Но окончательно я почувствовал себя человеком, лишь забравшись в полную горячей воды ванну. Горячая вода смыла все проблемы и заботы, и даже предательство Алисы не казалось мне уже таким большим горем. Наверное, мне просто очень хотелось так думать.
Трехдневный перелет до Тивии прошел на редкость спокойно. Я валялся в постели, смотрел видео, читал книги. Одним словом, убивал время как мог. Трижды в сутки ходил в корабельный ресторан, в промежутках пару раз навещал бар, пытаясь отвлечься от грустных мыслей — измена Алисы все еще давала себя знать. Дважды мне показалось, что за мной следят, но это меня не слишком взволновало. В конце концов, сэр Бартон наверняка подстраховался и хочет быть в курсе всех моих дел.
С космодрома Тивии я вышел в приподнятом настроении, так у меня бывает всегда в преддверии нового дела. В руках я крепко сжимал злополучный кейс, под завязку набитый разными полезными в моем деле мелочами. На случай, если ка- кой-нибудь чересчур ретивый полисмен заинтересуется этими милыми штучками, в кармане у меня лежал фальшивый сертификат на право проведения курсов повышения квалификации для служащих частных охранных предприятий. И то, что лежало у меня в чемоданчике, становилось всего-навсего наглядными пособиями. Просто и эффективно. Может, я слишком рано поставил крест на своей гениальности?
Итак, я на Тивии. Теперь предстояло ознакомиться с интересующим меня зданием и найти слабое место в системе охраны — вряд ли меня впустят просто так, за красивые глаза. Сняв номер в маленьком третьесортном отеле, я и занялся этим вплотную.
Одно дело, когда ты изучаешь объект акции по бумагам или с экрана терминала. И совсем другое, когда видишь его вживую. Прямо скажем, увиденное мне очень и очень не понравилось.
Представьте высокое здание из стекла и бетона, вершина которого теряется в облаках. Стекло, разумеется, бронированное, бетон не уступит самой прочной стали. Крыша срезана под углом в шестьдесят градусов, удержаться на ней практически невозможно.
Но это — только вершина айсберга, причем в самом прямом смысле слова. Согласно планам сэра Бартона, основание здания уходило под землю метров на триста, это еще порядка ста этажей. Вся эта махина называлась зданием Национального Алмазного Фонда, или, в просторечии, Алмазным Домом. Название «алмазный» было достаточно условным, здесь хранилась масса самых разнообразных ценностей, начиная от бриллиантов и золота и заканчивая денежной наличностью и произведениями искусства.

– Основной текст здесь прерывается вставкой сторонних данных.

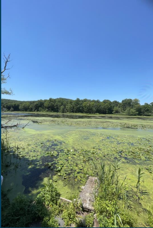
Right Before Initial Treatment
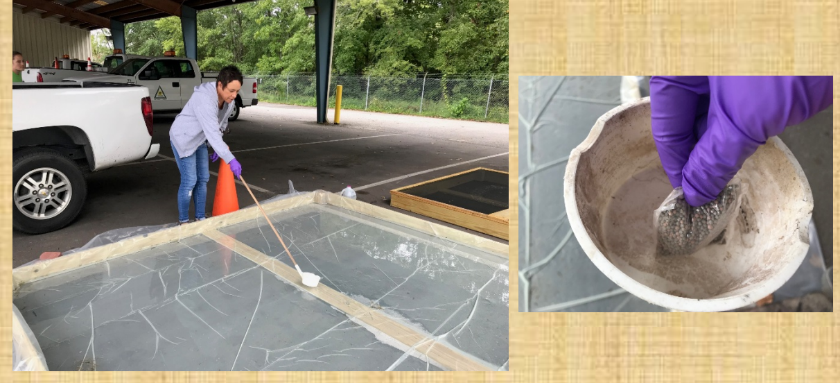
Always added in the middle
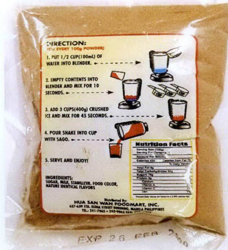
Figure 4. Unregistered FAT & THIN Icee! Pearl Shake Powder Choco Fudge Flavor
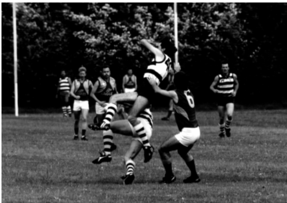
A West London player attempts to mark against East Midland at Leicester.

On the representative front a full international was held at Popes Field in July between Great Britain and Denmark. The Great Britain side, whose players had trained together quite intensively for several weeks leading up to the game, performed admirably to win with some ease, 19.16 (130) to 6.4 (40). The curtain raiser to the international saw a clash between the 'BARFL Victorians' and 'BARFL South Australia/Western Australia', with the latter recording a 28 point win.
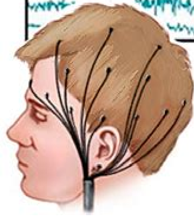
An electroencephalogram (EEG)
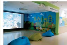
DMZ Video Room
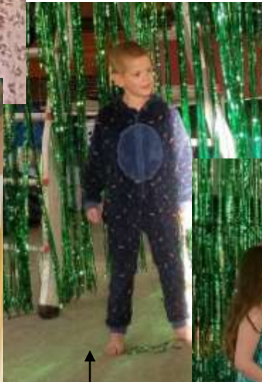
This young man Had heaps of Personality !!!
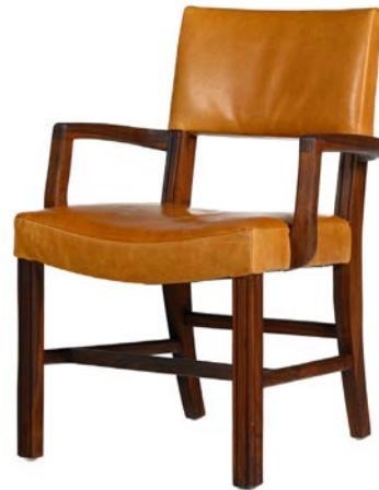
SPENCER DINING ARMCHAIR 34.5"H x 21.5"W x 20.5"D
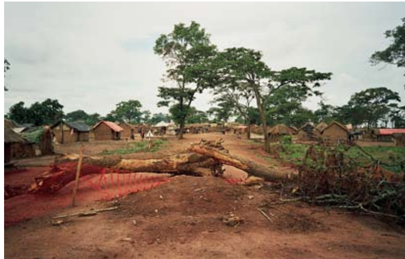
Next to the TFM plan zone, the entrance has been blocked to what is left of Mulumbu village.

PACT-Congo has been creating small firms to produce these bricks and fences. On April 11, 2007, a
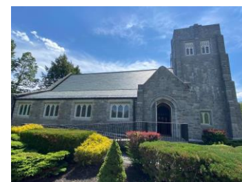
2022 Grant Awardee, Poland Springs Preservation Society
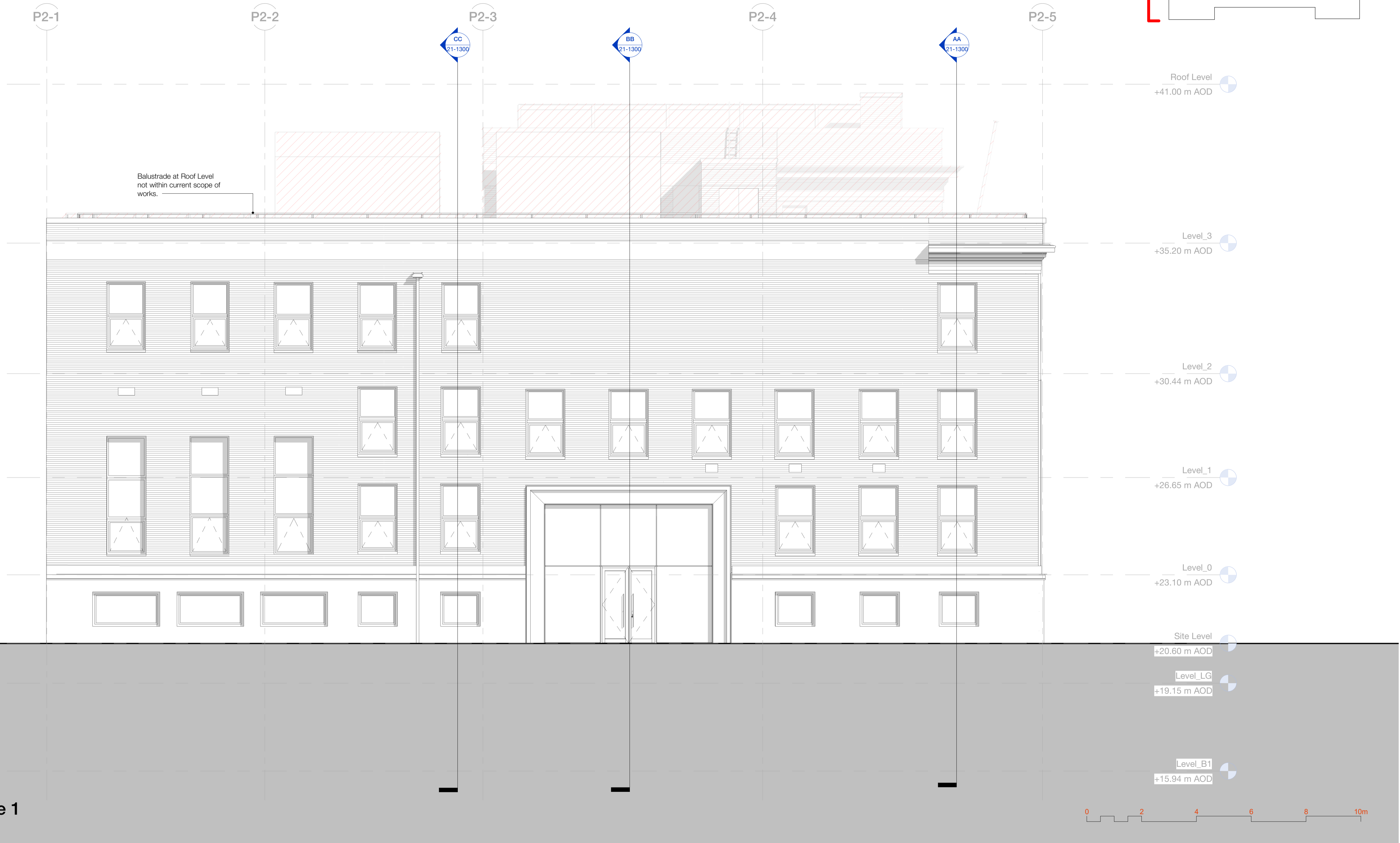
North Elevation - Proposed Phase 1 1 : 75
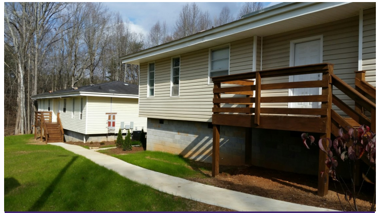
Jeremiah's Place, Units 3 and 4

We have been fortunate to have few major maintenance issues at the property, and the generosity of volunteers and local businesses to maintain a safe environment for our families.
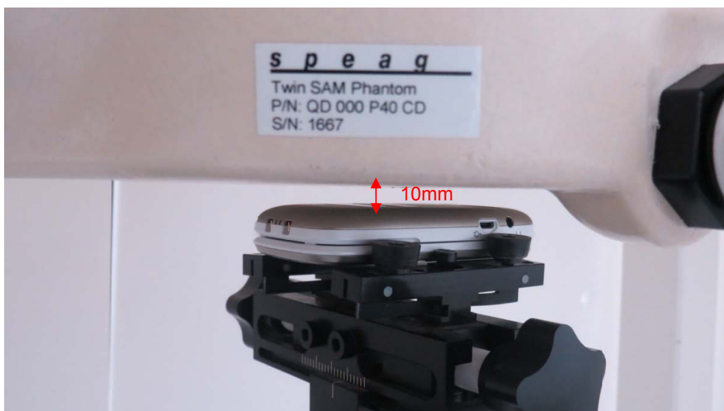
Picture 11: Front Side with closed clamshell, the distance from handset to the bottom of the Phantom is 10mm
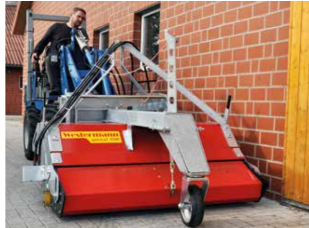
The high maneuverability of the sweeper allows safe maneuvering even near the wall.
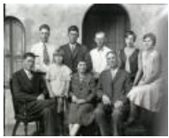
Negative of a family of 7 (2002.21.75)
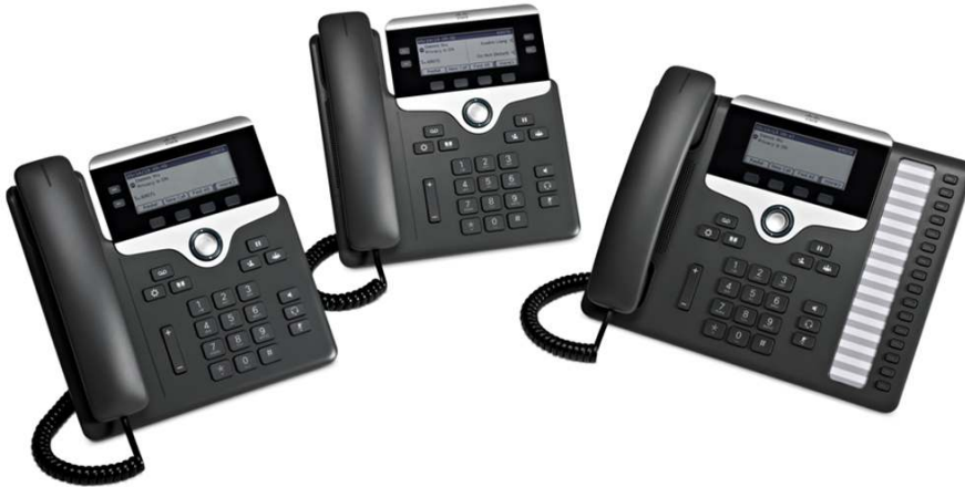
Figure 1. Cisco IP Phone 7800 Series

The line keys on each model are fully programmable. You can set up keys to support either lines, such as directory numbers, or call features like speed dialing. You can also boost productivity by handling multiple calls for each directory number, using the multi-call per-line appearance feature. Tri-color LEDs on the line keys support this feature and make the phone simpler and easy to use.
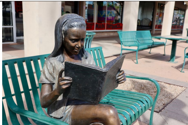
Booked for the Day, 38 W Main St. Mesa

This is a documentary about the national spelling bee.
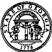
MAX CLELAND SECRETARY OF STATE
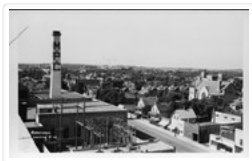
Aerial view of 10th Street facing south from Princess Avenue http://archives.brandonu.ca/en/permalink/descriptions8420

Part Of: Joseph H. Hughes collection Creator: Photographer: Jerrett Photo Description Level: Item Series Number: 3-1997.1 Item Number: 3-1997.1.42 Accession Number: 3-1997 GMD: graphic Date Range: c.1940 Physical Description: 5.5" x 3.5" (b/w) Material Details: postcard Physical Condition: Red ink stain is on the front right corner of postcard
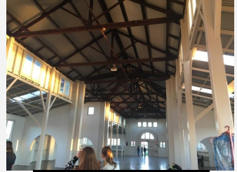
Inside view of our accommodation
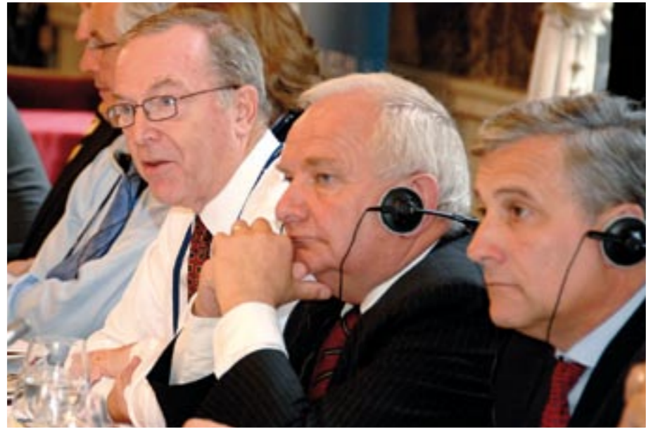
l-r: Wilfried MARTENS , President of the EPP, Joseph DAUL MEP, Chairman of the Committee on Agriculture and Rural Development in the European Parliament, and Antonio TAJANI MEP, Vice-Chairman of the EPP Party and Head of the Italian Delegation of the EPP-ED Group in the European Parliament
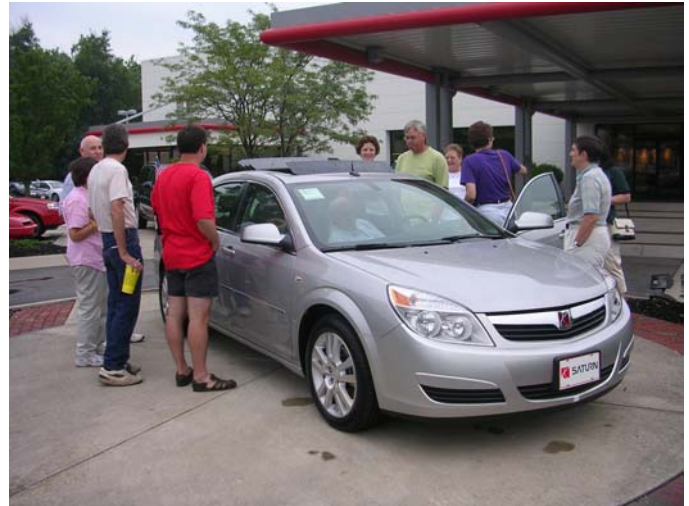
CarClub members took an opportunity to check out the Aura as part of the mini-event at the August meeting at Saturn North. The dashboard is shown below — see those keys in the ignition! The center brake light is less disruptive at the bottom of the rear window, don't you think?

В плане здание делилось на две части: надземную, где располагались кабинеты дирекции, служащих Алмазного Фонда, офисы сопутствующих фирм и прочих пристроившихся под теплое крылышко Фонда учреждений, и подземную. Вся подземная часть представляла собой собственно хранилище, попасть туда было не просто не то что постороннему, но и самим служащим Фонда. Каждый подземный этаж представлял собой, по сути, отдельный бронированный уровень. Снаружи пробиться невозможно, толстые стены плюс вмонтированные в них датчики вибрации исключали любую возможность проникновения. На нижние этажи вел единственный лифт; чтобы попасть в него, надо было войти в небольшую охраняемую комнату на первом этаже. У вошедшего, а это всегда был служащий Фонда, проверялись документы, охранник связывался с дирекцией и узнавал, действительно ли этому человеку сегодня разрешен вход в Хранилище. Получив подтверждение, охрана пропускала его к лифту. У лифта человек прикладывал ладонь к окошку сканера — сравнивались отпечатки с заложенными в память компьютера, потом проходила голосовая идентификация и сканирование радужной оболочки глаза. При совпадении всех параметров двери лифта открывались. Стоит отметить, что и в самой комнате проверки стояли видеокамеры, с помощью которых двери лифта, сама комната и действия охраны контролировались независимым охранным подразделением из другой части здания.
Попав в лифт, служащий опускался на интересующий его уровень. Из лифта он попадал в небольшой коридор с многотонной бронированной дверью, находящейся под постоянным наблюдением видеокамеры. Подойдя к двери, служащий должен был набрать на панели восьмизначный код. Этот код он получал у заместителя директора непосредственно перед спуском в Хранилище. Сами коды менялись директором Фонда каждый вечер, в конце рабочего дня. Коды подбирались компьютером, для каждого уровня вырабатывался новый код. Если набранный служащим код был правильным, загорался зеленый индикатор, замок двери снимался с блокировки. Если код был ложным, в комнате охраны раздавался сигнал предупреждения, служащему предлагалось набрать правильный код в течение тридцати секунд. В случае если он не мог этого сделать, комната наполнялась усыпляющим газом. По сведениям сэра Бартона, раньше газ был отравляющим, но после пары несчастных случаев его предпочли заменить на более безопасный.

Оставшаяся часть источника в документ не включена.